Human Terrain Team member Fouad Lghzaoui, left, talks to Sheik Nouri, who manages a propane distribution station in Baghdad, on Sunday. The team is charged with bringing cultural awareness to the Army. (Seth Robson / S&S)

BAGHDAD — Middle eastern culture experts are helping 2nd Cavalry (Stryker) Regiment soldiers better understand Iraqis they meet and work with in West Baghdad.

Soldiers from 2nd Cav’s 2nd Squadron are working closely with a four-person Human Terrain Team (HTT) out of Forward Operating Base Falcon in Baghdad’s violent East Rashid neighborhood.

The team of academics, which includes a social scientist, two cultural analysts and a military liaison officer, is charged with bringing cultural awareness to the Army and studying the ethnic makeup of Iraqi populations so commanders can plan courses of action, governance, patrols and provision of essential services accordingly, said HTT member Fouad Lghzaoui.

The Moroccan-born cultural analyst, who studied geography and Arabic literature at the University of Morocco, said the team helps units deal with some of the unfamiliar quirks of Iraqi culture.

“For example, for an infantryman (the Iraqi practice of) holding hands or kissing another man cheek to cheek is a hard thing to get used to,” he said.

The team helps bridge the gap between the squadron and key Iraqi players in its area of operations, said Capt. Travis Cox, 30, of Salem, Ore., 2nd Squadron’s fire support officer tasked with civil military affairs.

“They (the HTT members) are a second set of educated eyes who we can talk through what happens based on Arabic culture,” Cox said, “and aspects of different middle eastern things that being from Oregon I don’t know a lot about.”

Another team member, Lisa Verdon, is a Fulbright scholar to Jordan and has a master’s degree in Arabic international studies from the University of Pennsylvania. But the 43-year-old social scientist is far from academia’s ivory towers these days, walking some of Baghdad’s meanest streets with U.S. soldiers as she studies the population.

The blonde-haired, blue-eyed, Arabic-speaker, who sports a pair of pink Oakley sunglasses and smokes multicolored cigarettes, comes across as a sort of female Indiana Jones, but likes to compare herself to Gertrude Bell and Wilfred Thesiger, two British academic pioneers of Middle East studies.

When she’s interacting with the population in Baghdad, she never asks Iraqis directly whether they are Sunni or Shiite, she said.

“They don’t like to be asked but you can ask them other questions and depending on their response you can tell which one they are,” she said.

Verdon is working on studies of propane distribution to Iraqis by the Coalition and reconciliation between Sunnis and Shiites in Baghdad, she said.

“The influence coalition forces have at the propane distribution point is very different with different units. Some units are very involved in making sure the people get the propane.
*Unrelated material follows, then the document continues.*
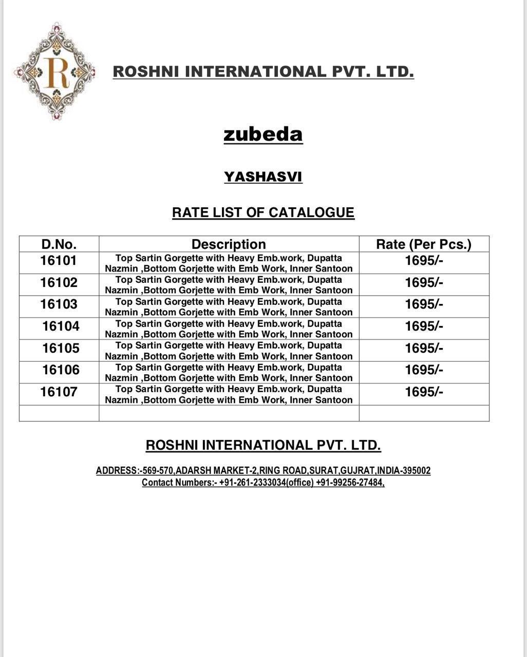 Buy Online Yashasvi By Zubeda Series 16101 To 16107 Georgette Embroidered Designer Party Wear Suits Wholesale Supplier Nd Dealer Gujarat 7 Pcs of Full Catalogue at Wholesale Price. Looking for Yashasvi By Zubeda Series 16101 To 16107 Georgette Embroidered Designer Party Wear Suits Wholesale Supplier Nd Dealer Gujarat Full Catalouge at Best Price? Buy Now Yashasvi By Zubeda Series 16101 To 16107 Georgette Embroidered Designer Party Wear Suits Wholesale Supplier Nd Dealer Gujarat at Wholesale Rate of Rs 11865 with Total 7 Pcs from authroized dealer and supplier of ZUBEDA Brand. Cost of Each piece is just only Rs 1695 which is very low and affordable price to resale the product in your retail store ,This is Surat based Wholesale Supplier & Dealer of ZUBEDA Brand. Click on Brand name to Know more about ZUBEDA Brand's products.Call or Whatsapp on 9898838984 for booking or enquiry
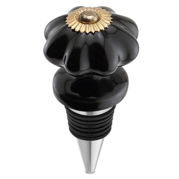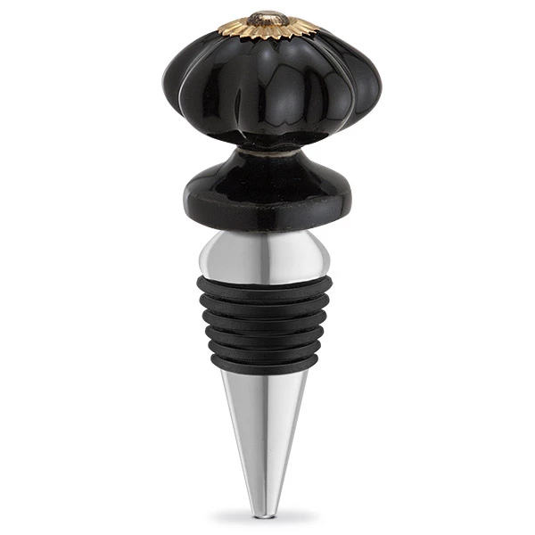 It’s a bohemian state of mind. This chic jet black ceramic stopper features a beautiful brass top and seals a bottle with polished metal base and flexible adjusting width rubber seal.

Others take a hands-off approach,” she said.

Verdon said she has observed successful reconciliation at Combat Outpost Ellis in Baghdad’s Radwaniyah neighborhood where soldiers from Schweinfurt’s 1st Battalion, 18th Infantry Regiment have driven al-Qaida out and brought locals together.

Now she’s making trips with the Strykers to the recently occupied Combat Outpost Aztec, on the outskirts of the city, to examine reconciliation in its formative stage.

Relative peace in Anbar province and the increase in Iraqi forces pulling security is freeing up more U.S. forces to work on reconciliation, she said.

“The Sunni and Shia have lost a lot of lives. There is a lot of anger, frustration and revenge. Reconciliation is about bringing them together. It is about forgiveness,” she said. “You are asking a father to forgive the Sunni for the death of his son and put what happened in the past behind them to move forward for peace stability and a reunified Iraq.”

Verdon said she’s impressed by the cultural knowledge of U.S. personnel.

“Everyone from the privates up through commanders is very astute because there is so much interaction with Iraqis. Maybe a private doesn’t articulate it the same way an officer would but they understand what is going on,” she said.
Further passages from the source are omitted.